Though U.S. hotels and motels now come equipped with TV, swimming pools and cellophane-wrapped drinking glasses, one thing about them is still the same: in the top desk drawer of each room, there is almost sure to be a black-bound King James Bible. Last week the organization that puts most of the Bibles there, Gideons International, wound up its 63rd annual convention in Pittsburgh, happily celebrating a major milestone. Since the Gideons first began to “Bible” the nation in 1908, they have given away more than 50 million copies to hotels, hospitals, prisons, trains, ships and schools. They passed out over 3,000,000 last year.

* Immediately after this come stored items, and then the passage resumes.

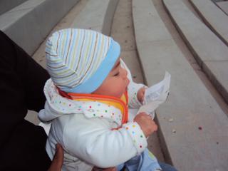 zaklad je davat ho tam ked je uplne spokojny a vesely a potom nech odtial pozoruje nieco zaujimave- nejaky obraz alebo tak. ja vzdy vybehnem von a to len cuci jak kengurka odtial. a len co zacne mrncat dam ho von.
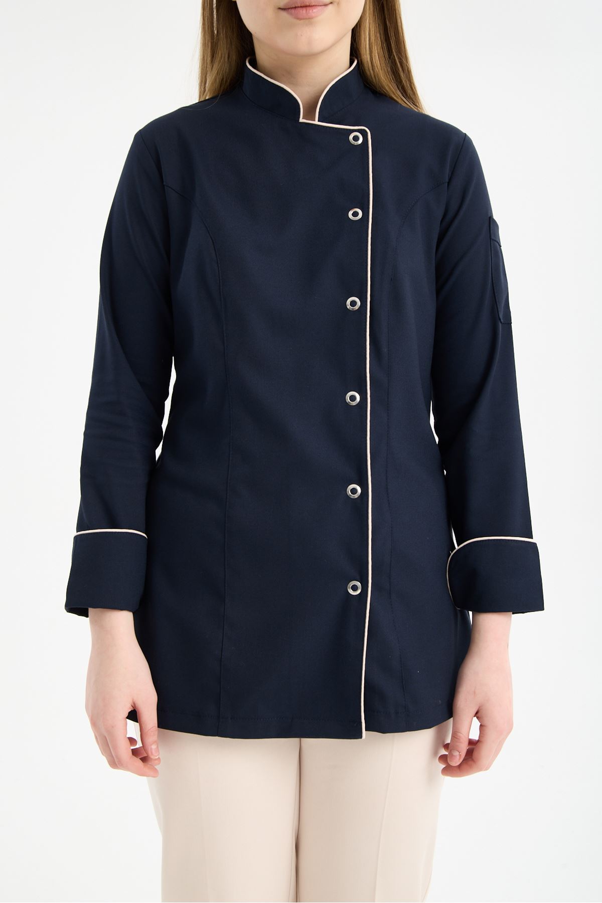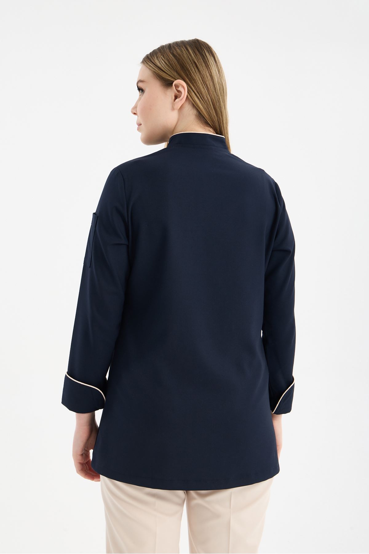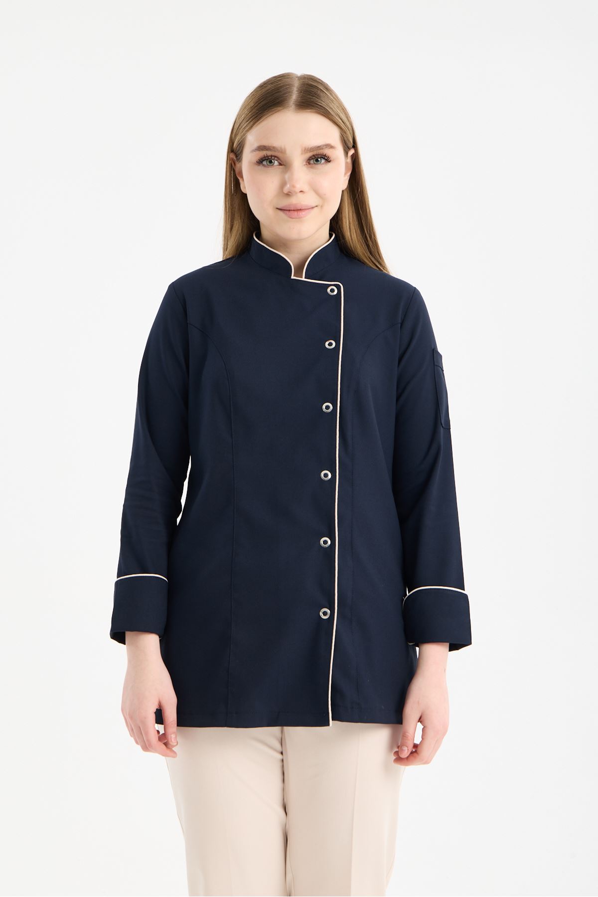 Kadın Chef Üniforma Tek Üst Lacivert Beyaz Biyeli
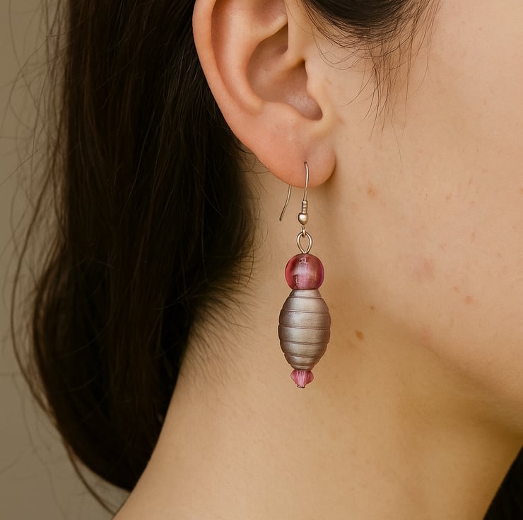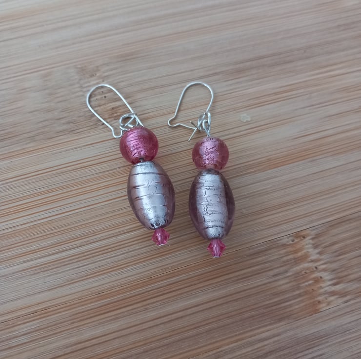 A rose pink ovel glass lampwork bead together with a slightly darker round glass lampwork bead. The earring drop is approximately 2.5 cm and the earwire is silver plated. The earrings will come to you in an organza gift bag. Gjft boxss can be puchased separately.
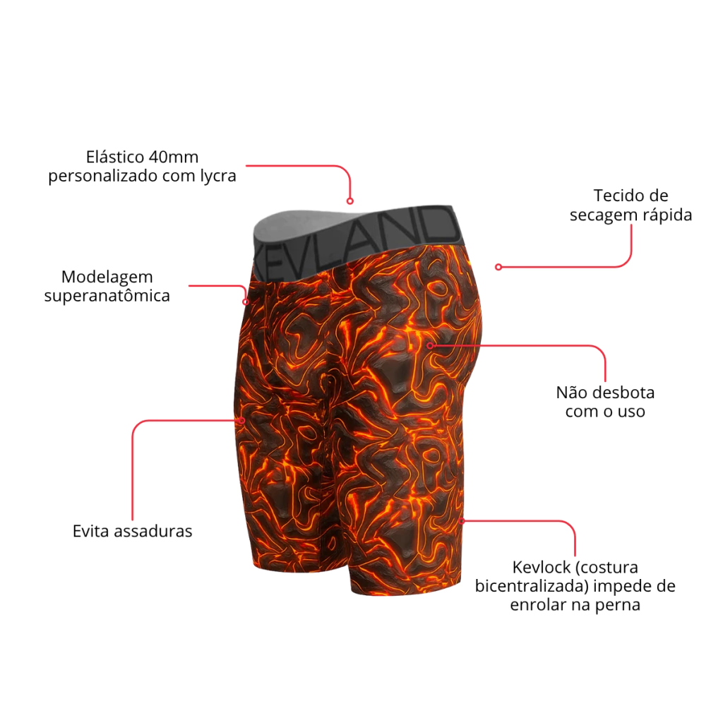 Sistema Exclusivo KEVLAND: Evita que a perna da cueca suba, proporcionando liberdade de movimento.
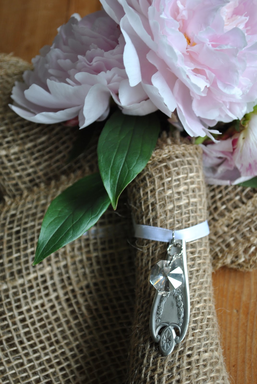 Part of the inspiration behind the silverware component of "...and then again" came from my own wedding 6 years ago. We collected various sizes of silver spoons and then bent them to use as napkin rings at each place setting. The guests really loved the personal touch and loved that they were able to take theirs home.
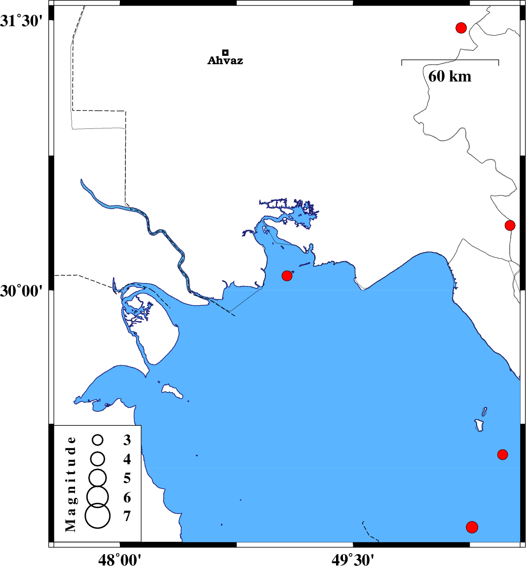 2018/05/05 | 23:16:51.1 | 03:46:51.1 | 29.076 | 50.462 | 15 | ML3 | Persian Gulf, 38 km -West of Busheher | ||
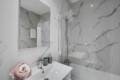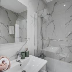 The apartment features an open-plan living and dining area, a fully equipped kitchen, and two spacious bedrooms. The master bedroom includes an en-suite bathroom, while the second bathroom is easily accessible from the rest of the apartment.

The Gideons are the brainchildren of two traveling salesmen, John Nicholson and Samuel Eugene Hill, who as they shared a Boscobel, Wis., hotel room one night in 1898 discovered a common interest in spreading God’s word, later decided to organize a society of Christian salesmen. Membership now includes professional men as well as drummers, and the 20,000 Gideons come from 59 countries, distribute Bibles in 20 languages.
The Gideons do some preaching for their cause in Protestant churches, but giving away the Bible remains their principal means of evangelism. “It costs a dollar to place a Bible in a hotel room,” says new President Jacob Stam, 62, a Paterson, N.J., lawyer. “An average of 200 people occupy a hotel room in a year. A Bible lasts an average of seven years. That means a Bible is exposed to 1,400 people during its lifetime. I’d say that’s a good investment.”